Doug Smythies avatar
gn flag
Are you experiencing a DDOS (Distributed Denial Of Service) attack? Give us some more details. What are you using port 25565 for? A minecraft server? Were your iptables test rules applied in the right spot with respect to your other rules to be effective? Use ` sudo iptables -xvnL` to observe how many packets have taken your test paths. Which version of Ubuntu?
OpenSource avatar
tr flag
An intended use would indeed be a MC Reverse Proxy, however, at the time of testing, the port was open with Ubuntu 20.04 with no service running under it (although the result is the same even if it's closed via IPTables). The only rule I applied at time of testing was: iptables -A INPUT -p tcp --dport 25565 -j DROP. Even with that port closed completely, large amount of connections make the VM to use 100% CPU. A benchmark is basically about 20k CPS bot attack as we plan on deploying a reverse proxy on that port meaning it needs to handle a lot of CPS. However, even with nothing deployed
OpenSource avatar
tr flag
It'll simply start lagging and using 100% of one CPU core.
OpenSource avatar
tr flag
https://hastebin.com/soneqonivo.apache
OpenSource avatar
tr flag
I've used it only one time, as I tested it before, but I hope it'll be enough. I see 11040 ACCEPT and 746778220 DROP.
Doug Smythies avatar
gn flag
Packets are the relevant numbers 186/12488841 ACCEPT/DROP. Your application is pretty extreme.
waltinator avatar
it flag
Wired or Wireless? Is your MTU (`ip l | grep $(ip r | awk '/default/ {print $5}' ) | awk '{print $2, $4, $5}'`) too big? Wireless MTU should be 1492 (8 byte PPPOE header), otherwise you get packet fragmentation and reassembly, which can eat CPU.
Doug Smythies avatar
gn flag
@waltinator : these are entirely SYN packets at 60 bytes each. I don't think fragmentation is possible for a SYN packet.
Score:2
gn flag

I do not think your issue is in the kernel, nor do I think your compute bottleneck is related to your network stuff, depending on your hardware.

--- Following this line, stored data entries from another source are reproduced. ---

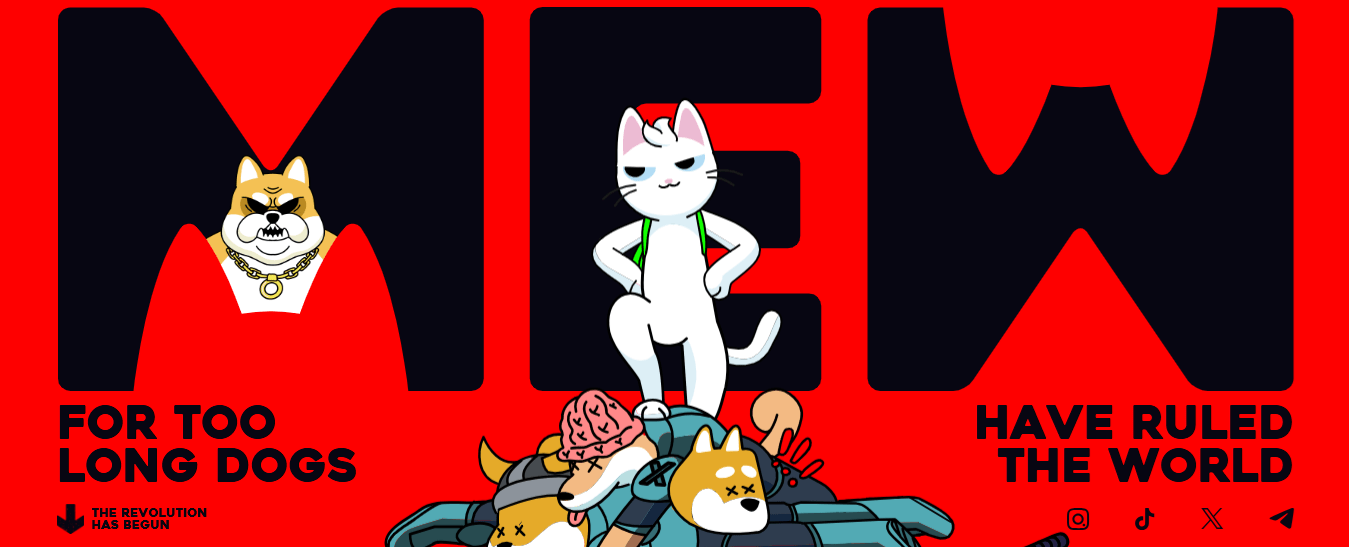 MEW’in hikayesi, herkesin bağ kurabileceği bir anlatıya dayanır: Kedilerin, köpeklerin yönettiği bir dünyada mücadele eden yalnız bir kedi olan MEW’in serüveni. Hikaye, MEW’in köpeklerin lideri Shibatoni ve onun yandaşlarını yenerek kötü niyetli SHIBEX şirketini devirmesi üzerine kuruludur. Bu eğlenceli ve yaratıcı anlatı, MEW’i diğer memecoin’lerden ayıran en önemli özelliklerden biridir.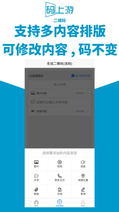 可把视频、图片、语音和地理位置等各种信息生成二维码,扫码就可以查看,各种内容可以混合后进行简单排版,生成的码长期有效。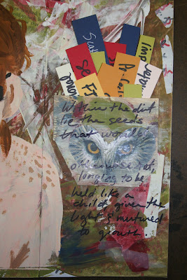 I've been participating in a great on-line art journaling workshop called 21 secrets, just to get my gears oiled again and juices flowing and some of this... mucky shit... and wonderful fertile soil... out of me... and out of the way... laying the path a bit, leading the way for my next steps. And clearing my head, you might say, as I dive back into making art that's authentic and closer to Source, regardless of outcome.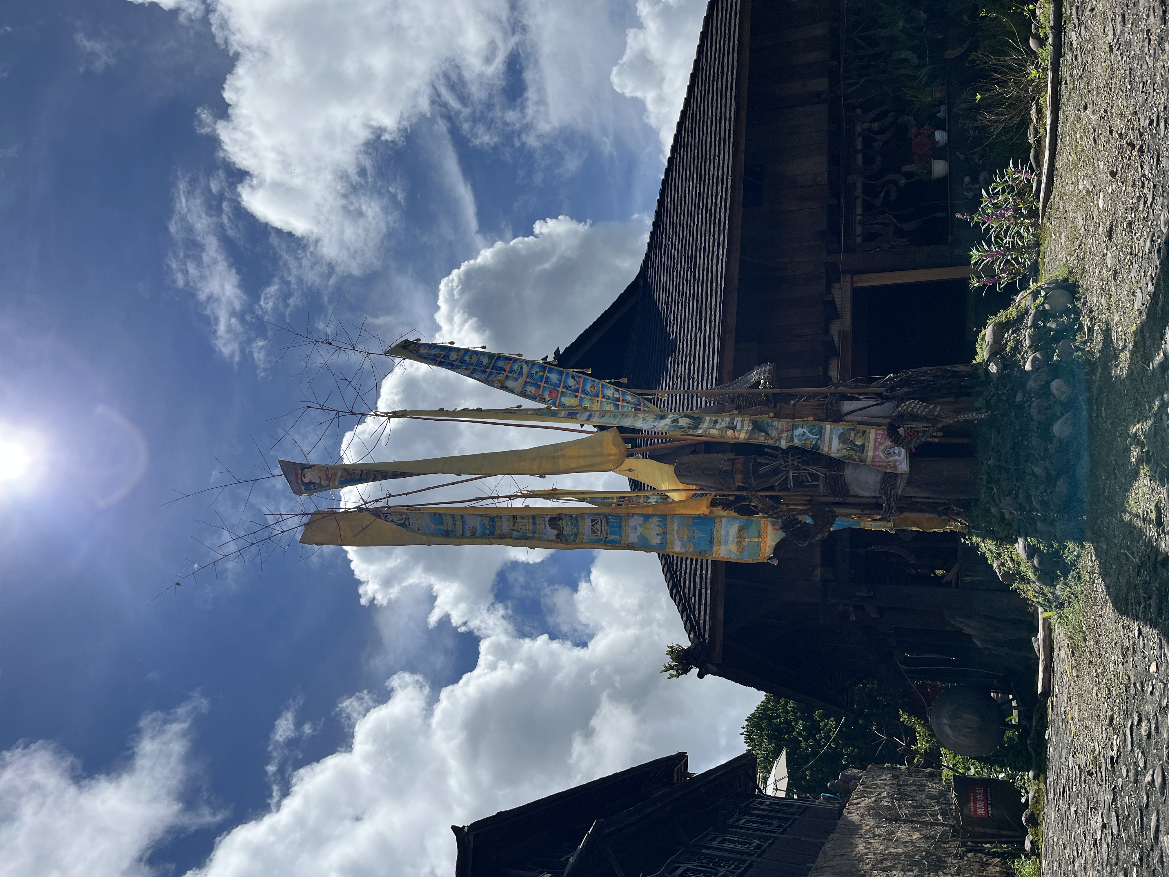 >糯干古寨的屋顶装饰:黄牛角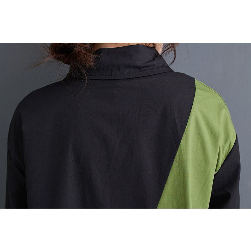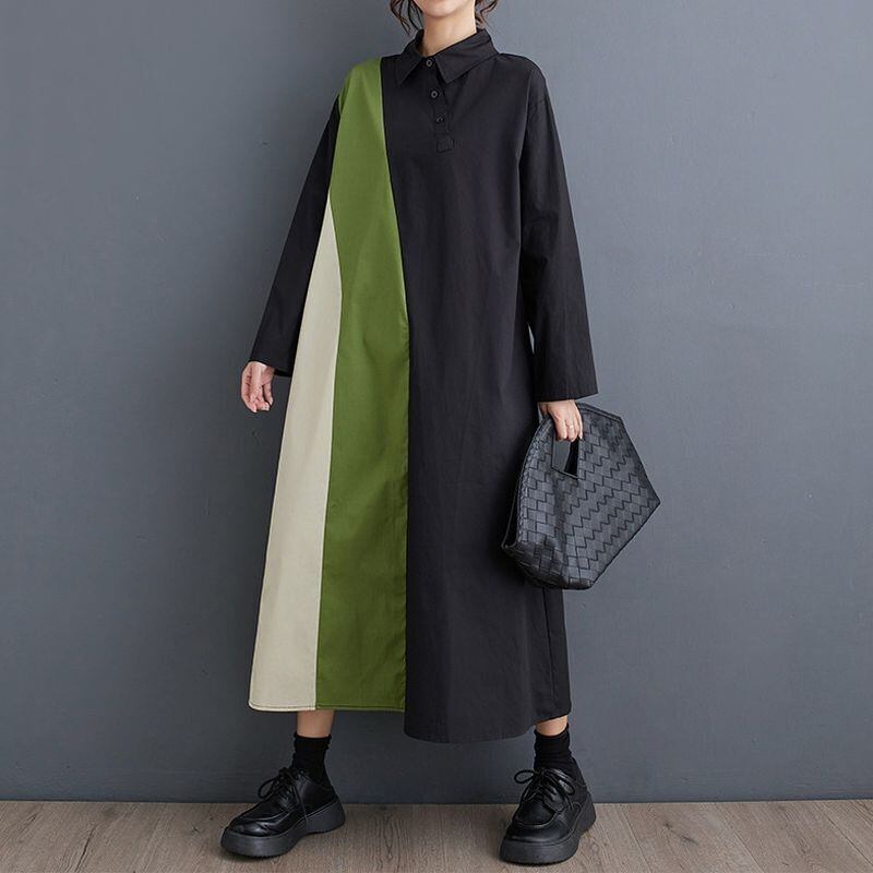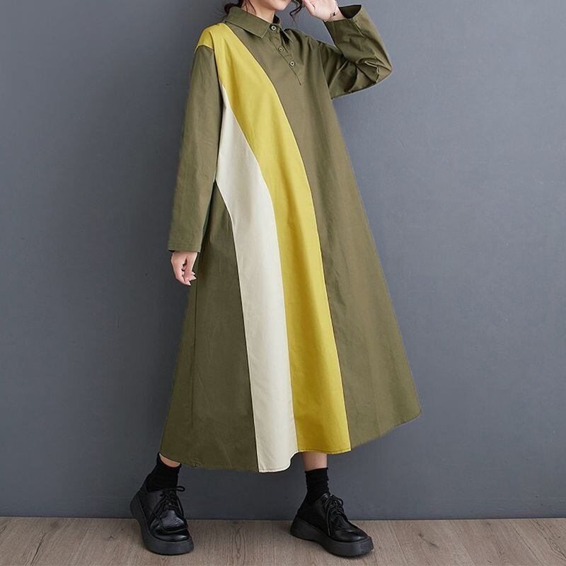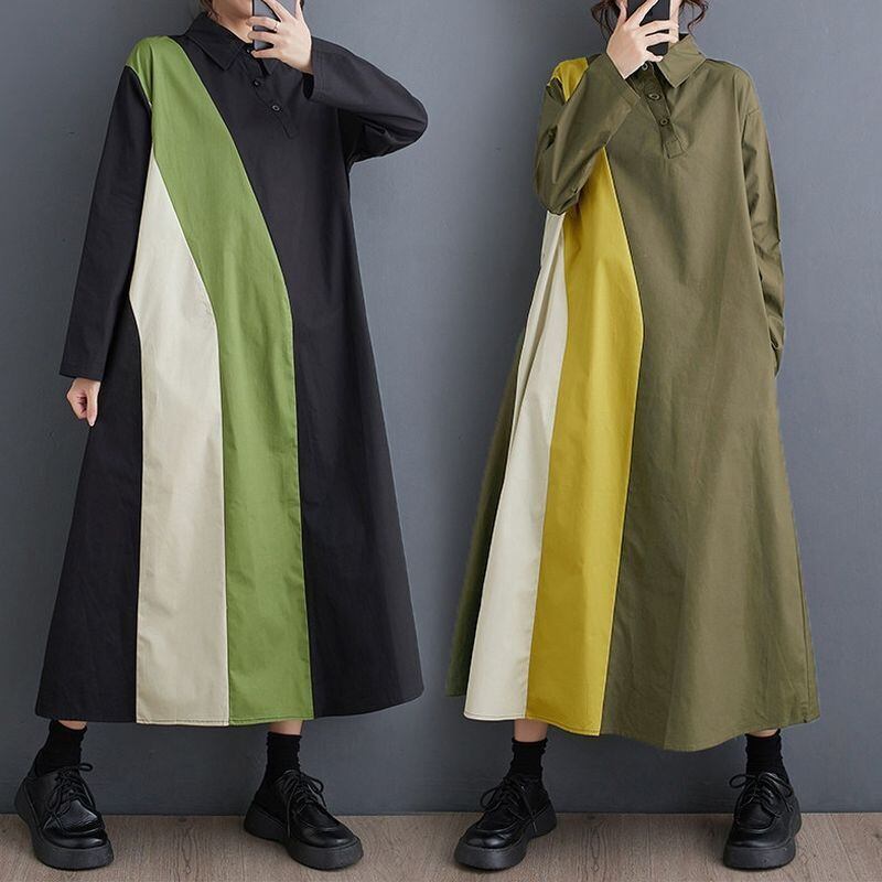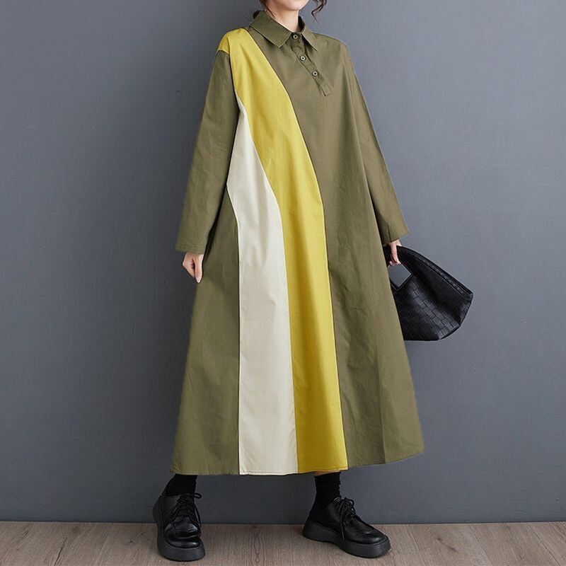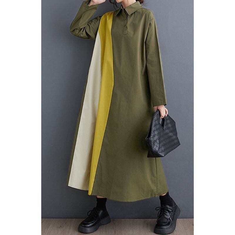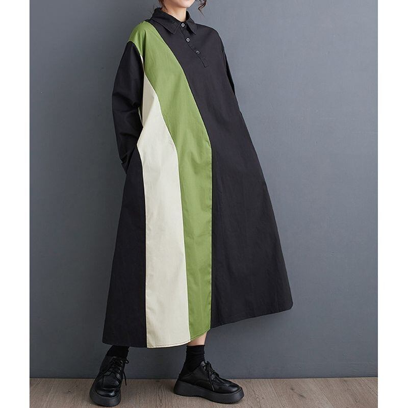 カラーブロックのデザインが目を引く、長袖シャツワンピース。

I did the following experiment:

Server computer 1: use hping3 to generate SYN packets at a rate of 28,870 per second (derived by experiment, and thought to be close enough to what you are doing) to port 25565 on server computer 2. Command used:

$ sudo /usr/sbin/hping3 -p 25565 --syn --interval u20 s19

Where "s19" is server computer 2, and "u20" has overheads and actually results is 28,870 packets per second instead of 50,000.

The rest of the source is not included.